[excerpt from open Letter to New York Mayor de Blasio]
It’s time for New York and other cities to connect urban planning to social equity.
It’s time to reintroduce communities into the planning process. New York must move beyond the oppositional model of planning that has too long dominated, best exemplified by our beloved Manichean struggle between cardboard versions of Robert Moses and Jane Jacobs. Although there is no contradiction in planning both inductively and deductively, our process is too skewed toward money and away from people: the capacity of neighborhoods to meaningfully participate in planning their own destinies—and that of the larger realms we all share—is fundamental. Wisdom doesn\’t belong to any particular group (although needs are best assessed locally), and a mayor must empower everyone. For this, we look to you with high hopes.

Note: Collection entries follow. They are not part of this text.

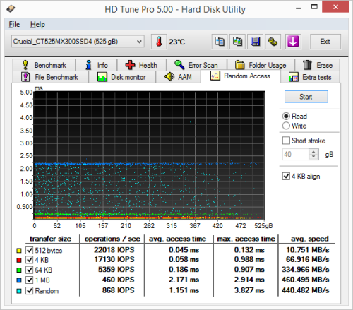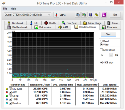 Next, I ran a series of tests using HD Tune Pro. This hard disk utility measures a drive's performance by testing its sequential read and write speeds as well as its access time, burst rate and CPU usage. For this review, I'm also going to use it to benchmark the MX300 M.2's random read and write speeds, random access times and the number of operations per second.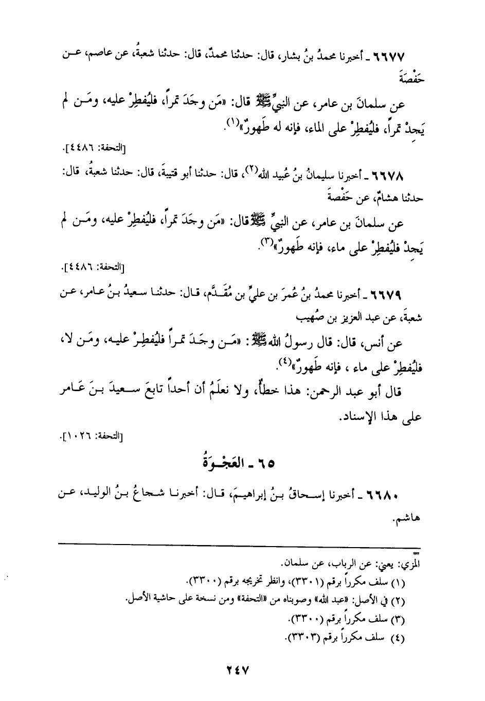 6678 - أَخْبَرَنَا سُلَيْمَانُ بْنُ عُبَيْدِ اللهِ، قَالَ: حَدَّثَنَا أَبُو قُتَيْبَةَ، قَالَ: حَدَّثَنَا شُعْبَةُ، قَالَ: حَدَّثَنَا هِشَامٌ، عَنْ حَفْصَةَ، عَنْ سَلْمَانَ بْنِ عَامِرٍ، عَنِ النَّبِيِّ صَلَّى اللهُ عَلَيْهِ وَسَلَّمَ، قَالَ: «§مَنْ وَجَدَ تَمْرًا فَلْيُفْطِرْ عَلَيْهِ، وَمَنْ لَمْ يَجِدْ فَلْيُفْطِرْ عَلَى مَاءٍ، فَإِنَّهُ طَهُوَرٌ»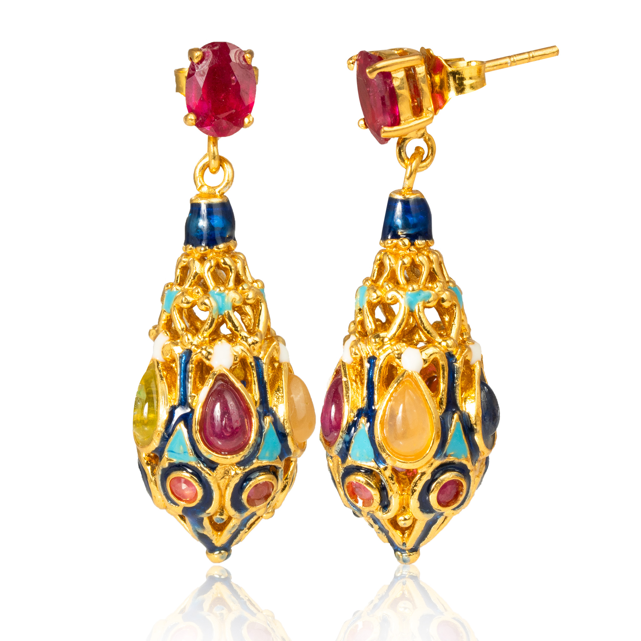 Sterling silver jewelry with 22k gold plated, natural stone and enamel.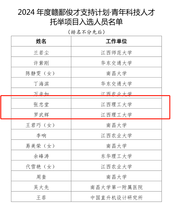 本网讯 6月11日,2024年度赣鄱俊才支持计划·青年科技人才托举项目入选人员名单公布,颜射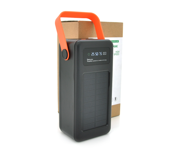 PowerBank має сонячну батарею на лицьовій стороні, яка дозволяє заряджати пристрій без електрики, від сонячного світла чи штучного освітлення.

When the New York City charter was revised in 1989, it created a system of community boards and a medium of participation (the 197-a plan) that promised a new way of making decisions that would channel ideas from the grassroots to the top. But, despite the completion of many such plans across the city (out of 59 community boards, only 11 plans have ever been adopted) and despite the deep engagement of citizens and neighborhood groups in working toward ameliorative transformation, these efforts have never had real legal standing and depend on the sanction of a recalcitrant planning department. Let the de Blasio planning department pay better attention, return to the task of physical planning attuned to local desires, and more aggressively pursue architecturally significant outcomes. Instead of simply being the adjudicators of the circumstances for construction, our planners should produce more facts, more designs—and should set priorities that are both concrete and truly visionary.
This means displacing zoning as the primary instrument of planning. The logic of zoning—the idea that development best takes place “as of right,” with clear rules, formulas, and frameworks—has a certain, nominally libertarian, appeal. What\’s concealed, though, is the structure of constraint that defines the territory in which those rules operate, whether via prescribed uses and densities or the smorgasbord of incentives and exceptions that a canny operator can call upon to enlarge a project in exchange for some marginal public benefit. We must ask as of whose rights all this complexity is designed to defend. In the postindustrial city, much of the basis for zoning is simply obsolete, and the 19th-century model of isolating obnoxious uses and classes from more privileged ones tends to make concrete exactly the kinds of differences you seek to erase.